Segment Start: DATASET

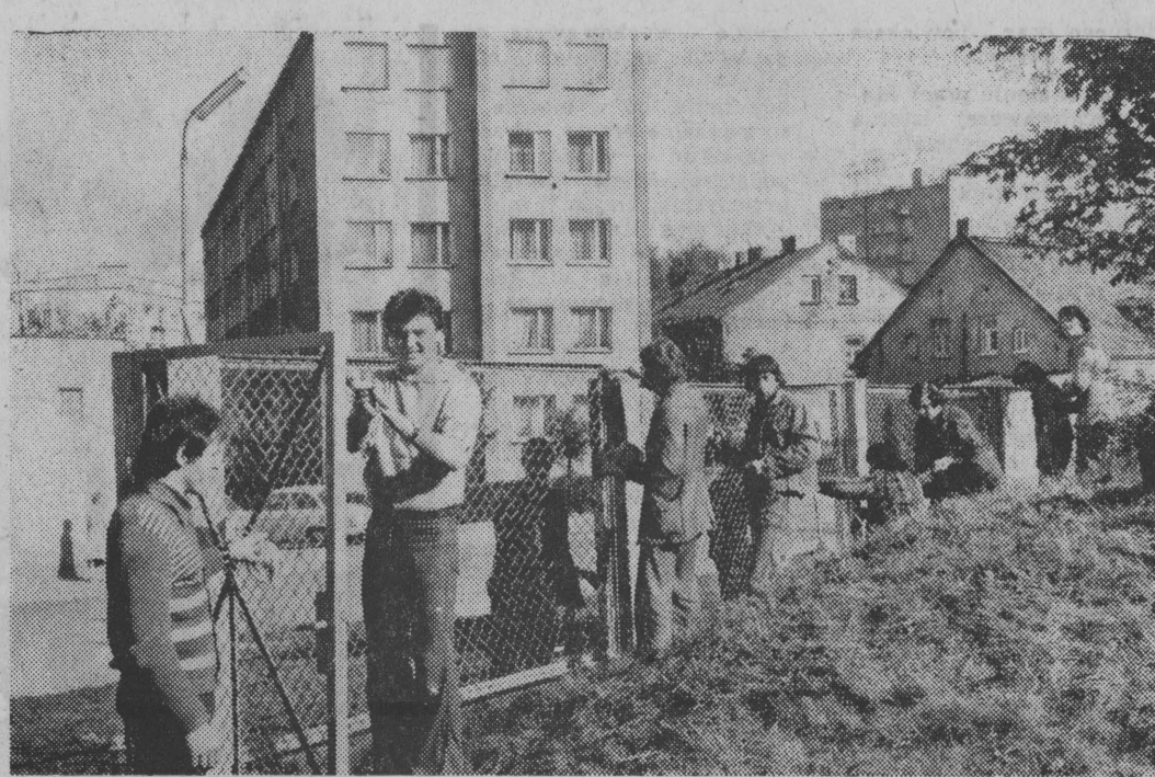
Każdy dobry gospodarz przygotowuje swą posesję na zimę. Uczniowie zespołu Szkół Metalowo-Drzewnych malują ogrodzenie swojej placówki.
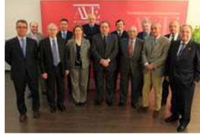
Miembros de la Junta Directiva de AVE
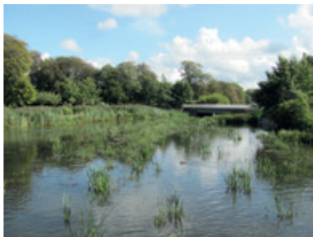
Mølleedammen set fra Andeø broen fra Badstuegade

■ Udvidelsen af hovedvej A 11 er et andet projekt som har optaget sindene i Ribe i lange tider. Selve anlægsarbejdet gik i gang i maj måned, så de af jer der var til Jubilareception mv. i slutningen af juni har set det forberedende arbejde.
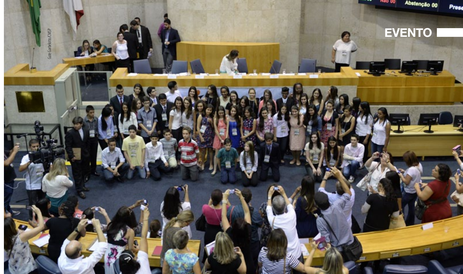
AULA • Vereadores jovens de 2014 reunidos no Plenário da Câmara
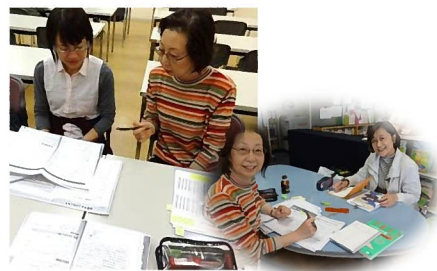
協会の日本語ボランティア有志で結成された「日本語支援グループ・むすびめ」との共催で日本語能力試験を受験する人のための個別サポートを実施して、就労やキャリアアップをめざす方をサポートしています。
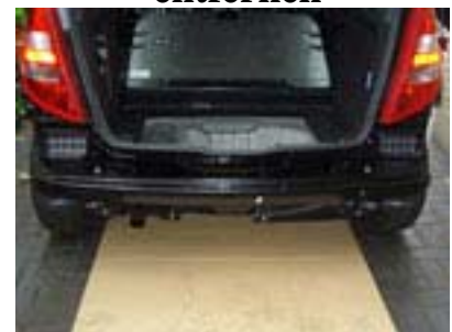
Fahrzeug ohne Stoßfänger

Segment End: DATASET

- _BRIEF_
Can you quote exactly, and only, the lines from the one containing "AULA • Vereadores" through the last line of the records above, keeping both ends and leaving out any pictures?

- _REPLY TO THE EXERCISE_
AULA • Vereadores jovens de 2014 reunidos no Plenário da Câmara
協会の日本語ボランティア有志で結成された「日本語支援グループ・むすびめ」との共催で日本語能力試験を受験する人のための個別サポートを実施して、就労やキャリアアップをめざす方をサポートしています。
Fahrzeug ohne Stoßfänger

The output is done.